Most students at Oxford would be quick to say that they don’t view international students any differently than their compatriots, that it’s ridiculous to feel like I’ve got something to hide. And in theory, they’re right – most of my best friends at Oxford are other British undergraduates, and aside from the occasional friendly snicker or two when I pronounce something the American way, we’ve managed to get past most of our linguistic differences after more than a year together. However, most new people I meet, no matter how subconsciously they do it, instantly project a generic image of Americanism onto me before I’ve said anything about myself other than my name.
Inevitably, on discovering that I hail from across the pond, I will be asked several questions in rapid succession, which although they may vary slightly in wording, never fail to stray from a few key points. First, I will be asked where in America I am from; I will then say Connecticut, a town about an hour from Manhattan, where I was born.
Subsequently, I will either be asked where Connecticut is (if the person I’m speaking to did not hear the second bit – everyone seems to know where New York City is) or, my new acquaintance will begin to gush about someone they know who lives in New York and ask whether I know them. The answer is, for future reference, most likely no; the same goes for those who say they have friends or family in Arizona or North Carolina; chances are, I have not been to that town or met anyone from that school, unless the town is in New England or the school is in New York.
Then, of course, I will be asked where I’m studying abroad from, since the vast majority of Americans engaged in undergraduate study are of course students at universities in the United States taking a year abroad. I’m still surprised at the disbelief which sometimes flashes across someone’s face when I explain that I am a “real” student, reading for a degree in history at an “actual” college (and I’m not making exceptions for Americans here who are studying abroad, either – they’re often the most disbelieving of all!)
By this time, several words will have been exchanged, and my new acquaintance will invariably comment on the fact that my accent does not sound like a “typical American” accent.
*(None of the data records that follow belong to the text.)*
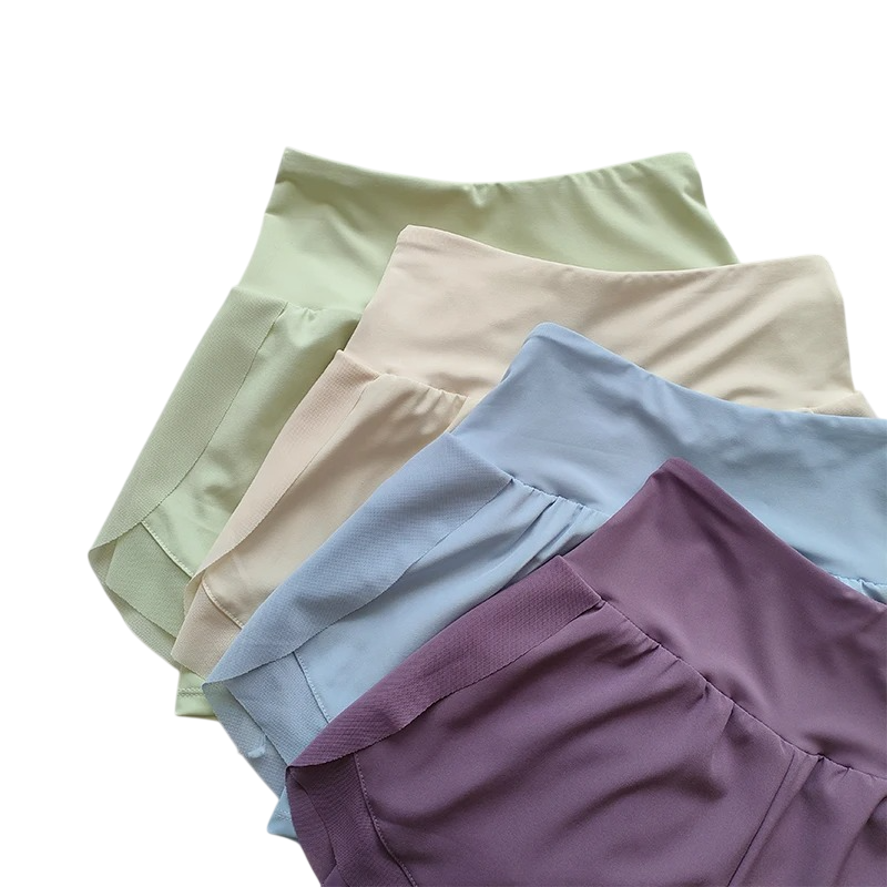 Naisten urheilushortsit on suunniteltu maksimaaliseen mukavuuteen ja suorituskykyyn kaikissa aktiviteeteissa. Kiitos materiaalien yhdistelmän nylon, polyesteri ja spandex, ne ovat kevyitä, joustavia ja mukautuvat kehon liikkeisiin ilman rajoituksia. Korkea vyötärö tarjoaa tukea vatsan alueella ja muotoilee samalla vartaloa imartelevasti. Yksivärinen muotoilu näyttää modernilta ja on helppo yhdistää urheiluliivin, topin tai hupparin kanssa.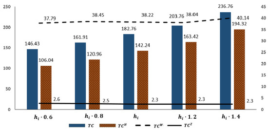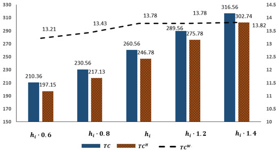 An increase in means an increase in the storage fees of empty container units. It can be seen from Figure 8 and Figure 9 that with an increase in , the port storage costs increase significantly under both the reposition and non-repositioning strategies. The total port costs mainly include the empty container storage cost, so the total cost also increases with the empty container storage cost increasing. Due to the increase in the storage cost of empty containers, the port has to increase or to meet the demand for empty containers, and the costs of empty container leasing and repositioning also increase slightly.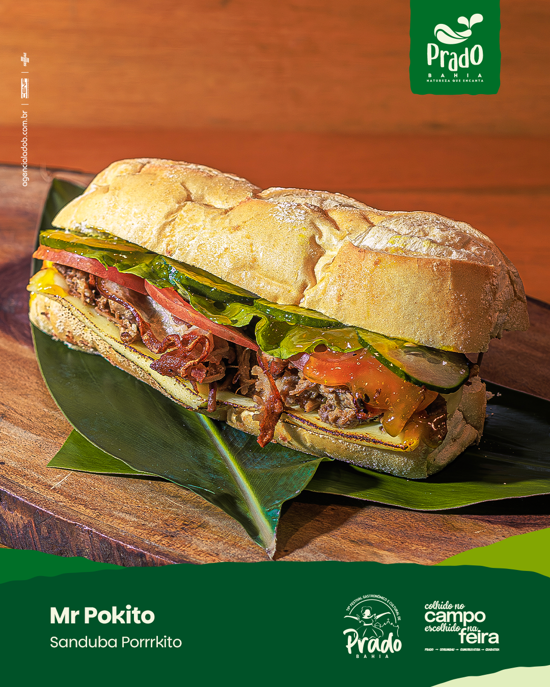 Baguete ao azeite de ervas, recheada com carne de porco desfiada, temperada com ervas frescas, queijo coalho tostado, bacon, salada fresca de tomate, rúcula e pepino, finalizado com molho Barbecue de Manga com Pimenta da casa.

No, it does not; I am from a state where residents posses neither southern twangs nor nasal outer-borough screeches, no hint of Boston or the Rocky Mountains or California discernible in my voice. In my nation, a place Winston Churchill termed “this great novel land of yours which sticks up out of the Atlantic,” there are many accents, and many voices, and mine is distinct only in its failure to fulfil any stereotype.
But I’m perfectly content with the tone of my American tongue. In fact, though reflex may hint otherwise, I don’t really feel the need to hide anything. After all, once the initial onslaught of familiar questions is past, I’m treated just like everyone else – until the discussion turns to American politics, that is. And when that happens, I can’t guarantee anything.